Benjamin S. Tolosa Jr., commonly known as Jay Tolosa, is a Filipino lawyer. He is known for handling high-profile disputes, including defending American soldier Joseph Pemberton and representing TV5. In 2026, he joined the House of Representatives private prosecution team in the Senate impeachment trial of Vice President Sara Duterte, serving as the team's legal spokesperson.

== Early life and education ==

Tolosa earned an undergraduate degree in legal management from the University of Santo Tomas in 2003 and completed his law degree at the same institution in 2008, where he ranked seventh among the 145 graduates. He passed the Philippine bar examinations in 2009.

== Legal career ==

Early in his career, Tolosa spent more than four years as a senior associate in the litigation and dispute resolution department of Angara Abello Concepcion Regala & Cruz (ACCRA) Law. He subsequently served as counsel for PMFTC, a local affiliate of Philip Morris International, and later as general counsel and assistant vice president of Primer Group of Companies, a conglomerate engaged in the retail and distribution of premium global brands.

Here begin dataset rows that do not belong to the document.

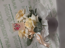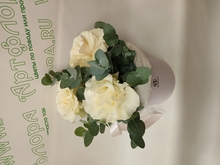 Шляпная коробка с кремовыми французскими розами - M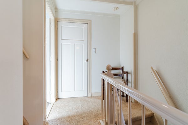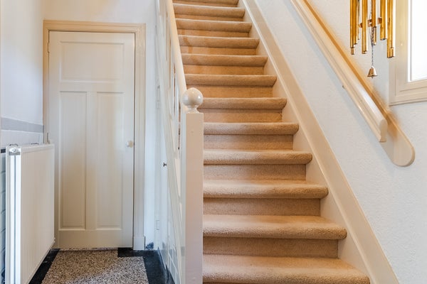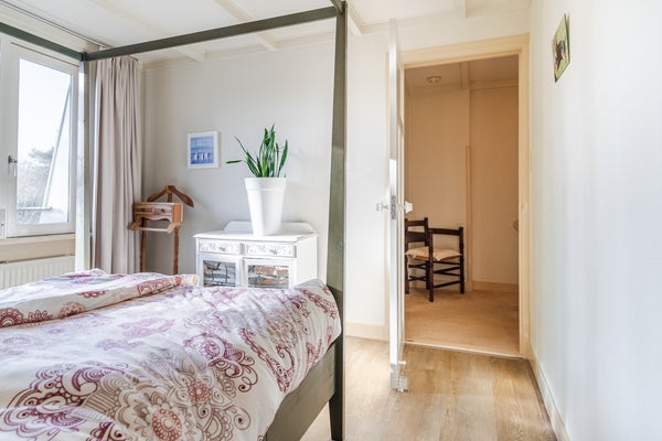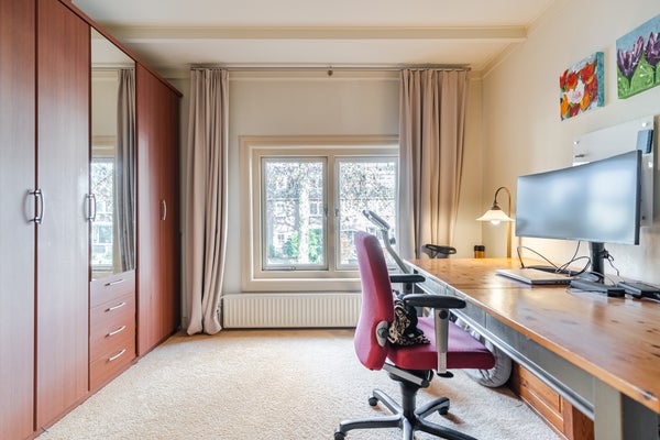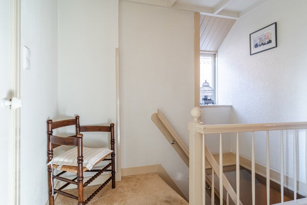 De hal biedt toegang tot de kelder en leidt je naar de lichte woonkamer met open keuken. Deze is praktisch ingericht met inbouwapparatuur zoals een inductiekookplaat en vaatwasser. Op de eerste verdieping zijn twee slaapkamers, een werkruimte en een complete badkamer met ligbad. De tweede verdieping biedt nog eens twee slaapkamers en veel bergruimte.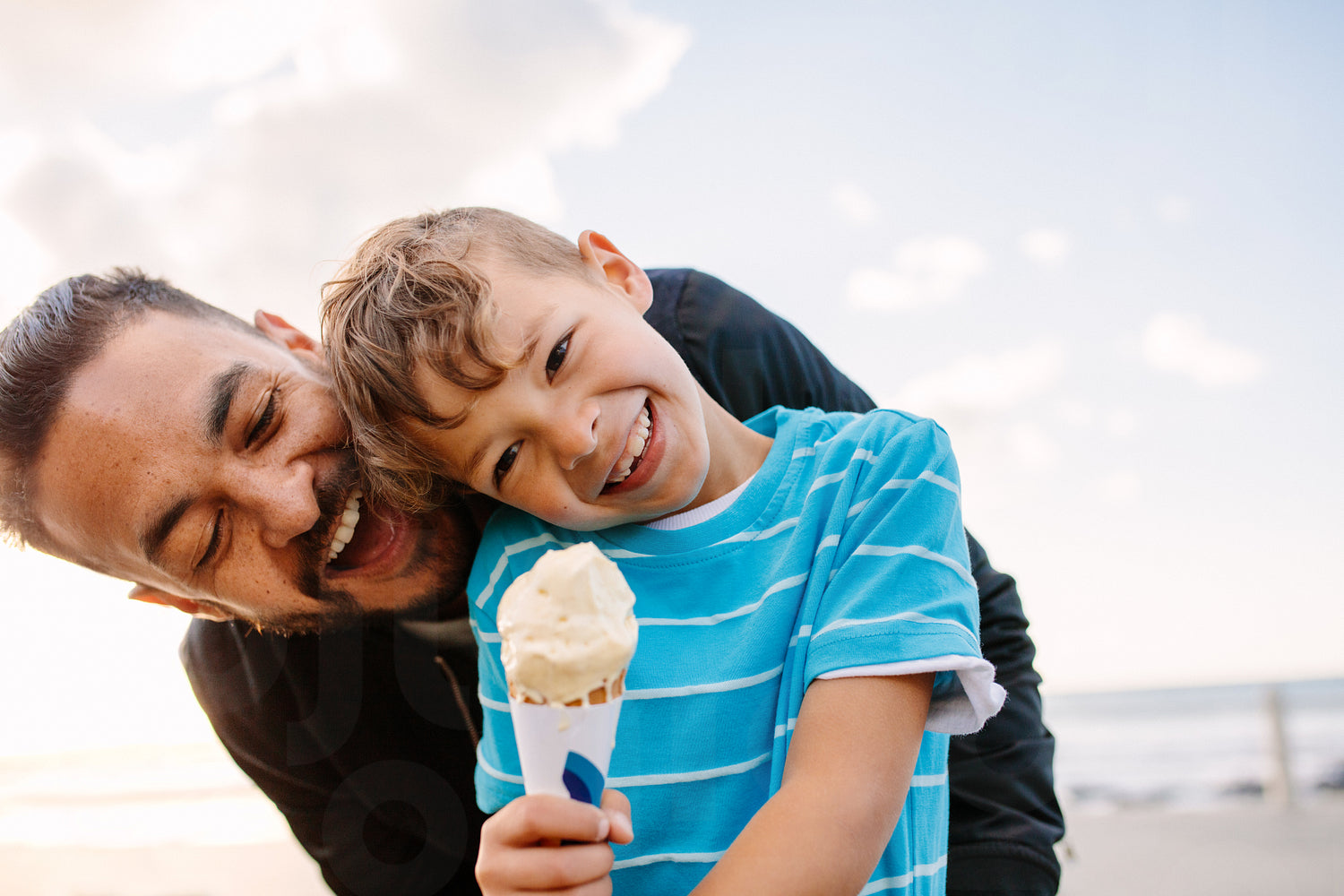 Boy eating an ice cream standing near seafront with his father. Little boy holding an ice cream cone while his father playfully tries to eat it from behind.

In government, he was a legal consultant for the Bureau of Immigration.

In 2019, Tolosa co-founded his own firm, which he has described as Tolosa Javier (TJ) Law, where he serves as managing partner and head of litigation and dispute resolution. In an interview with Asian Legal Business, Tolosa said the firm grew in under two years from two partners to a 19-member legal team and gained a client base of local conglomerates and multinational companies that had traditionally been served by larger firms.

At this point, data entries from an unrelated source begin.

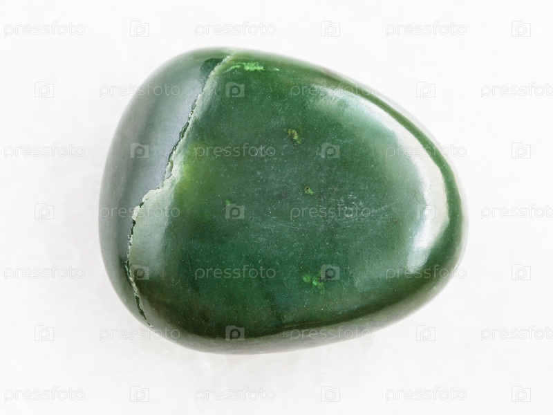 Выпал зеленый нефритовый драгоценный камень на белом мраморе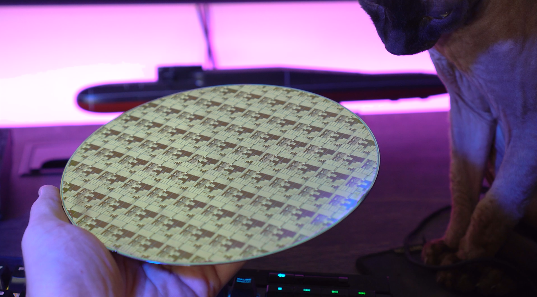 На одной пластине можно вытравить десятки и даже сотни будущих процессорных кристаллов. Из-за различного преломления света в их слоях выглядят такие вафли очень красиво, их частенько показывают на презентациях, а при желании такие можно найти на Ali за пару тысяч рублей. Разумеется, китайцы продадут вам бракованную пластину, ибо стоимость работоспособной вафли легко может доходить до пары сотен тысяч долларов.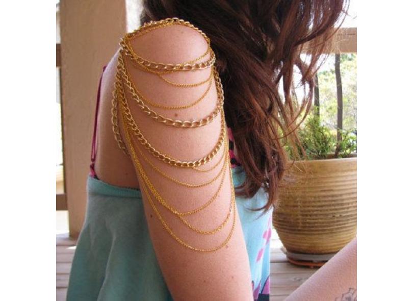 Colar De Ouro Multicamadas Feminino Braço Ombro Corpo Corrente Moda Jóias

Tolosa's practice has represented multinational companies, local conglomerates, government officials, and corporate executives in civil, criminal, and administrative proceedings before trial and appellate courts and quasi-judicial agencies, with clients spanning the petroleum, construction, energy, telecommunications, water, tollway, banking, aviation, tobacco, and broadcasting industries. He has been recognized by Asia Law Profiles and Legal 500 Asia Pacific as a recommended lawyer for litigation and dispute resolution, and his firm has been recognized by Legal 500 Asia Pacific, Asia Law Profiles, Benchmark Litigation, Asian Legal Business, and the ALB Philippine Law Awards.

=== Notable cases ===

Tolosa was among the defense lawyers for United States Marine Joseph Scott Pemberton, who was tried for the October 2014 killing of Filipino transgender woman Jennifer Laude in Olongapo City. During the proceedings, Tolosa served as a spokesperson for Pemberton's defense team and commented publicly on developments in the case, including the defense's unsuccessful bid to have the charge dismissed and, later, its confidence in an eventual acquittal following Pemberton's conviction. In December 2015, the Olongapo City Regional Trial Court found Pemberton guilty of homicide, rather than the more serious charge of murder, and sentenced him to six to twelve years' imprisonment.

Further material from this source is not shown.